● **WHAT YOU SHOULD DO**:
Once you reach the line with "سنسورهای نوری استوانه", copy it and every line after it exactly, up to the end of the data. Omit the pictures.

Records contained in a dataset

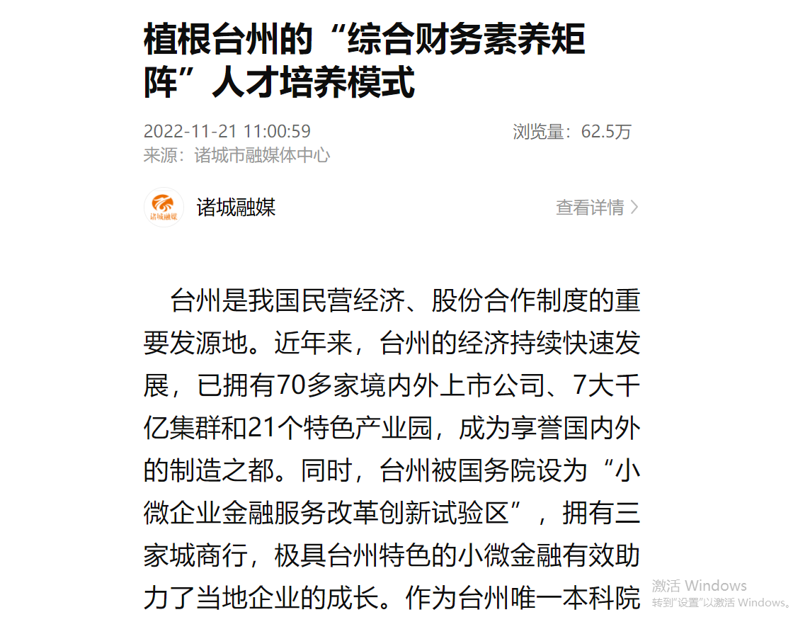 在这种指导思想下,我们开始更加坚定地植根台州,打台州牌,将专业的发展融入地方和学校发展大局之中,将学生综合财务素养的提升,融入到台州的企业、社会和文化之中。
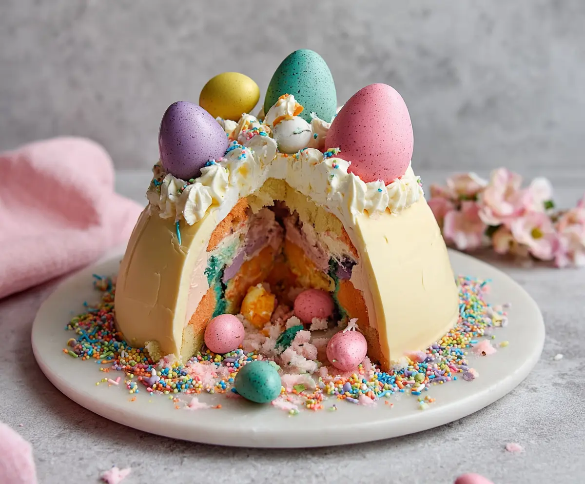Enjoy your festive and vibrant Epic Easter Egg Smash Cake, perfect for spring celebrations!
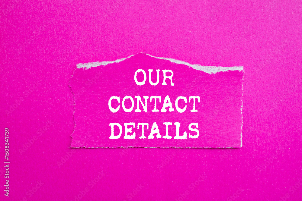 Our contact details message written on ripped torn pink paper piece on pink background. Conceptual our contact details symbol. Copy space.
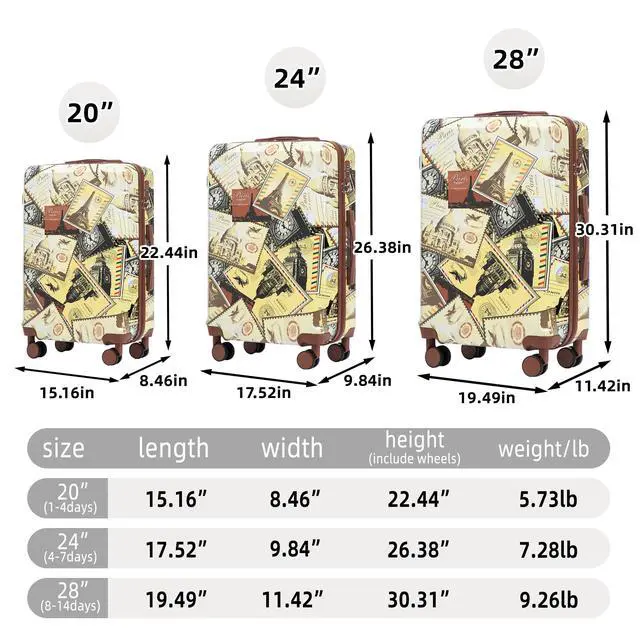 20"/24"/28" 3 pcs/set in PC Spinner Wheel Luggage, Carry on Suitcase, With Printed pattern and Combination Lock (City Stamps)
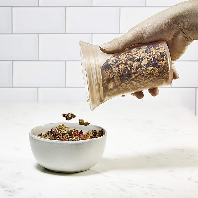 - Designed for easy use and cleaning: Single-piece construction with no glue or plastic sliders, Zip Top is the most durable and easy-to-use reusable container. The tops stay open and zippers do not overlap in the corners like normal zippers making it super easy to clean. Thick strong silicone will not tear or break keeping food fresh. No more lids!
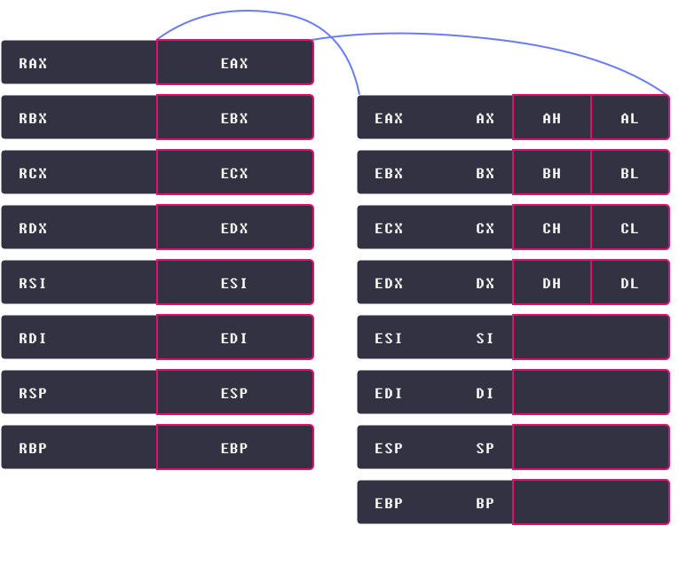eax, ebx 등은 확장된 레지스터의 하위 32비트를 가리킨다. - 마찬가지로 과거 16비트 아키택처인 IA-16과 호환을 위해 ax, bx,cx,dx,si,di,sp,bp는 eax, ebx , ecx , edx, esi, edi, esp, ebp의 하위 16비트를 가리킨다.
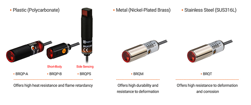 سنسورهای نوری استوانه ای BRQ آتونیکس با قطر 18 میلی متر در مدل های متنوع : دید از جلو، دید از بغل، انواع جنس بدنه (استیل SUS316L، برنج آبکاری با نیکل و پلاستیک) و در اندازه استاندارد و اندازه کوتاه طراحی شده اند. حداکثر فاصله تشخیص این سری سنسور ها 30 متر می باشد.
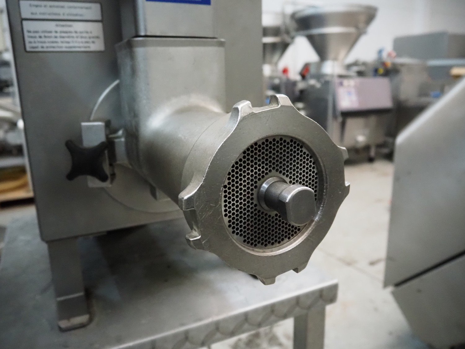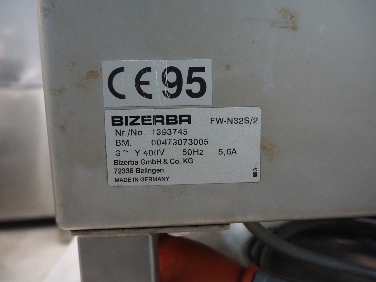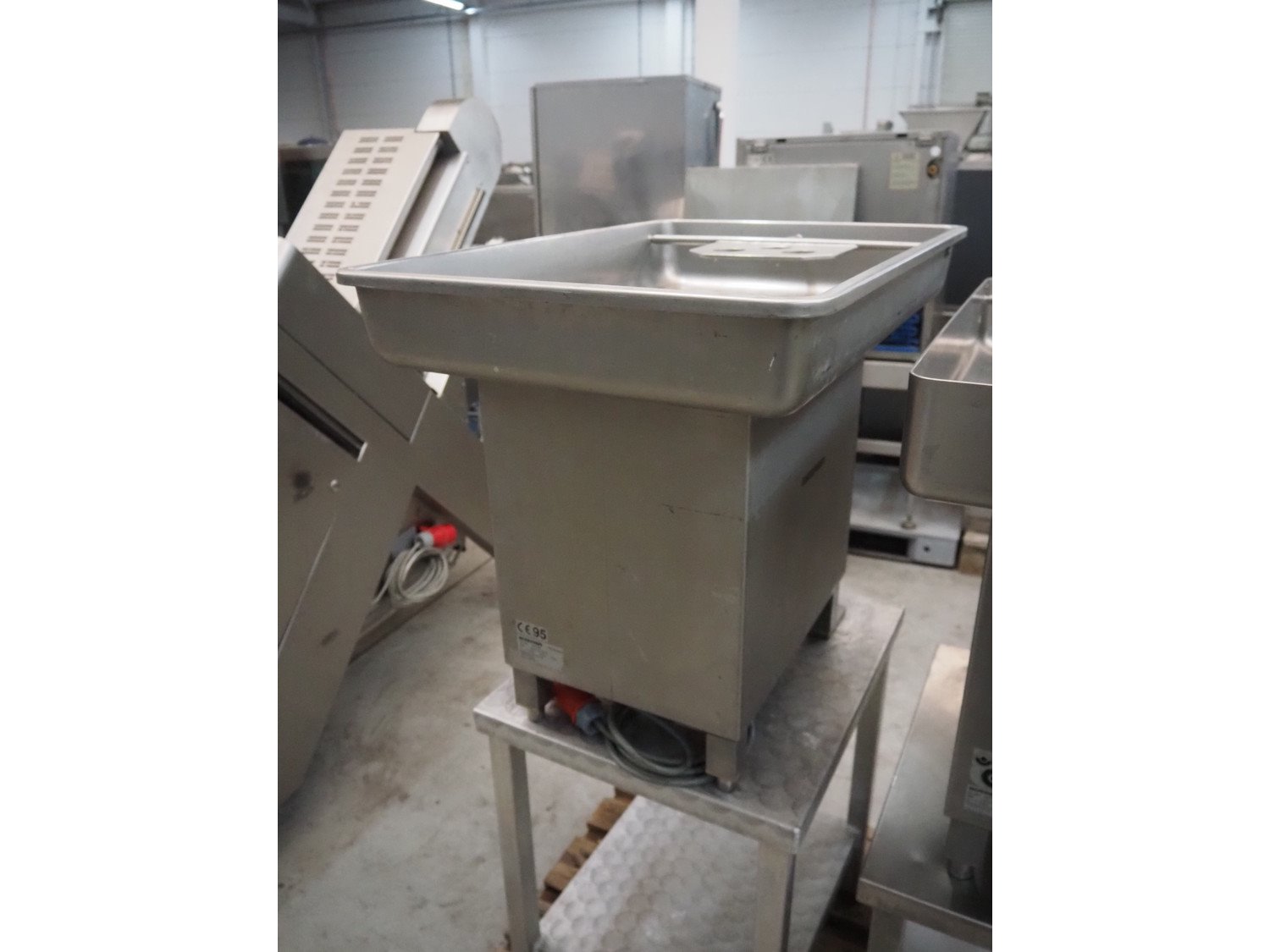 Bizerba grinder, type: FW-N32S/2, number: 1393745, 400 V, 3 Ph, 50 Hz, 5.6 A, ø plate: 98 mm, on s/s table, total dimensions: 950 mm x 500 mm x 1360 mm. Kavel locatie: Denariusstraat 20, 4903 RC Oosterhout, Nederland
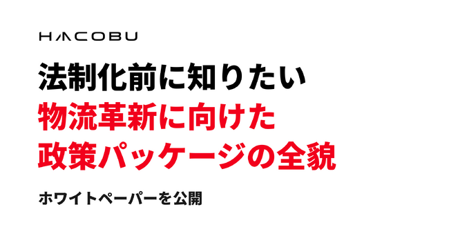 株式会社Hacobu(ハコブ、本社:東京都港区、代表取締役社長CEO 佐々木太郎、以下「Hacobu」)は、『法制化前に知りたい、物流革新に向けた政策パッケージの全貌』(全16ページ)のホワイトペーパーを公開いたしましたのでお知らせします。
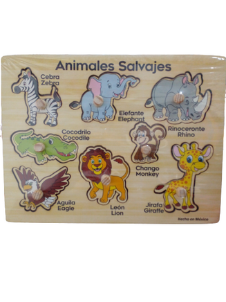 on este rompecabezas de pija, los niños conocerán y aprenderán los animales salvajes en inglés y español de forma divertida.

● **REPLY TO THE TASK**:
 سنسورهای نوری استوانه ای BRQ آتونیکس با قطر 18 میلی متر در مدل های متنوع : دید از جلو، دید از بغل، انواع جنس بدنه (استیل SUS316L، برنج آبکاری با نیکل و پلاستیک) و در اندازه استاندارد و اندازه کوتاه طراحی شده اند. حداکثر فاصله تشخیص این سری سنسور ها 30 متر می باشد.
 Bizerba grinder, type: FW-N32S/2, number: 1393745, 400 V, 3 Ph, 50 Hz, 5.6 A, ø plate: 98 mm, on s/s table, total dimensions: 950 mm x 500 mm x 1360 mm. Kavel locatie: Denariusstraat 20, 4903 RC Oosterhout, Nederland
 株式会社Hacobu(ハコブ、本社:東京都港区、代表取締役社長CEO 佐々木太郎、以下「Hacobu」)は、『法制化前に知りたい、物流革新に向けた政策パッケージの全貌』(全16ページ)のホワイトペーパーを公開いたしましたのでお知らせします。
 on este rompecabezas de pija, los niños conocerán y aprenderán los animales salvajes en inglés y español de forma divertida.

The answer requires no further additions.